Input material ▸
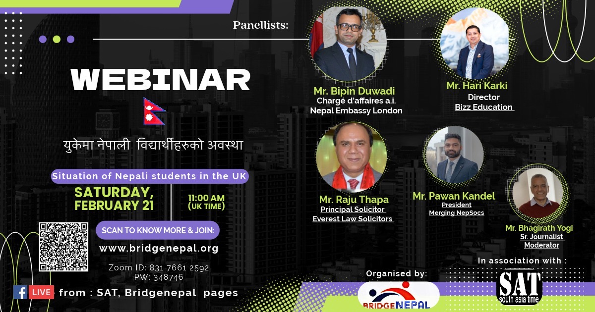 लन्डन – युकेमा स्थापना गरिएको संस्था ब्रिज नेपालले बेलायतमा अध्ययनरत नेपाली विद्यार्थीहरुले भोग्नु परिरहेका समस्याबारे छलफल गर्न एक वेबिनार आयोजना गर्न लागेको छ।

--

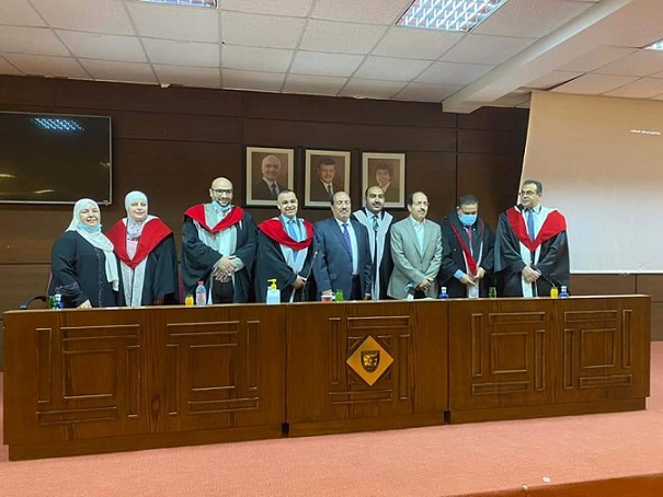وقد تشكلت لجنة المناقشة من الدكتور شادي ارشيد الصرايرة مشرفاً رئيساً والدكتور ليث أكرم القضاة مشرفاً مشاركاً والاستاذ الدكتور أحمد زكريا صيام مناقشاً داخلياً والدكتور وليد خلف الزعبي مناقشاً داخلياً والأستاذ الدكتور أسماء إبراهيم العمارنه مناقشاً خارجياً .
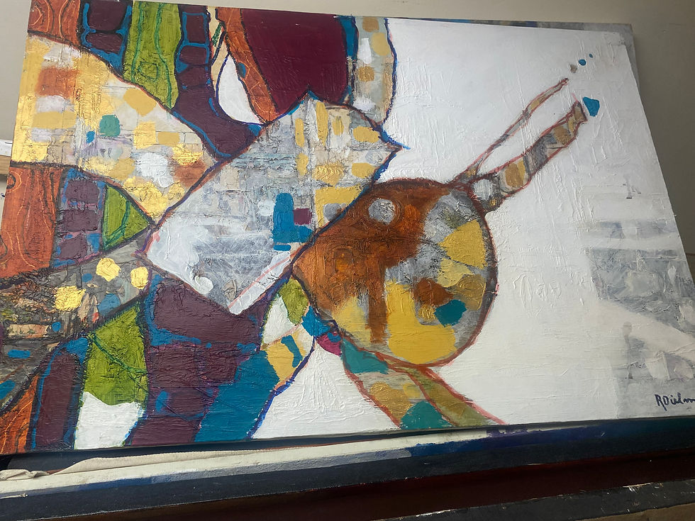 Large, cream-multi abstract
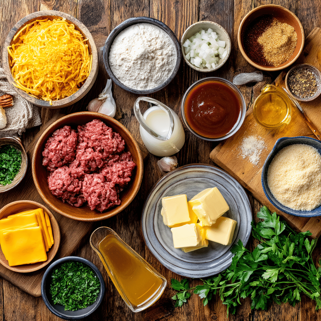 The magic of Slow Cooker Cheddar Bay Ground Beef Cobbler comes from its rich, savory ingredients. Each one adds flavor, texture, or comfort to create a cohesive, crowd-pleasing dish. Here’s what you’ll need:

* * *

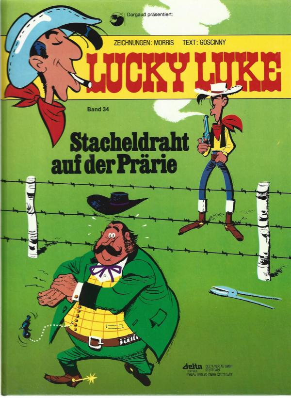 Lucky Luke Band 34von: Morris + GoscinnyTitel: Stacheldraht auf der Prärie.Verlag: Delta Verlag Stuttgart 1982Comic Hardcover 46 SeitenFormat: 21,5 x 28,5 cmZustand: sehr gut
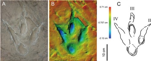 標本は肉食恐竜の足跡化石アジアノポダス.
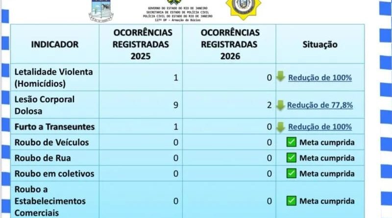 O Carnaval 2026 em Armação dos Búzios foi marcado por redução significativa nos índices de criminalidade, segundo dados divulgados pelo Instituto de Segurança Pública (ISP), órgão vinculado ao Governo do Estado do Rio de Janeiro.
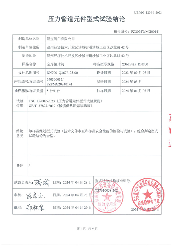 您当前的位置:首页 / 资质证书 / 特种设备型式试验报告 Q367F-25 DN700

Directions ▸ Would you give again, exactly, the lines in the data above that run from the line containing "標本は肉食恐竜の足跡化石アジアノポダス." to the line containing "您当前的位置:首页 / 资质证书 / 特种设备型式试验报告 Q367F-25 DN700"? Include both ends and no pictures.

Solution for this exercise ▸
 標本は肉食恐竜の足跡化石アジアノポダス.
 O Carnaval 2026 em Armação dos Búzios foi marcado por redução significativa nos índices de criminalidade, segundo dados divulgados pelo Instituto de Segurança Pública (ISP), órgão vinculado ao Governo do Estado do Rio de Janeiro.
 您当前的位置:首页 / 资质证书 / 特种设备型式试验报告 Q367F-25 DN700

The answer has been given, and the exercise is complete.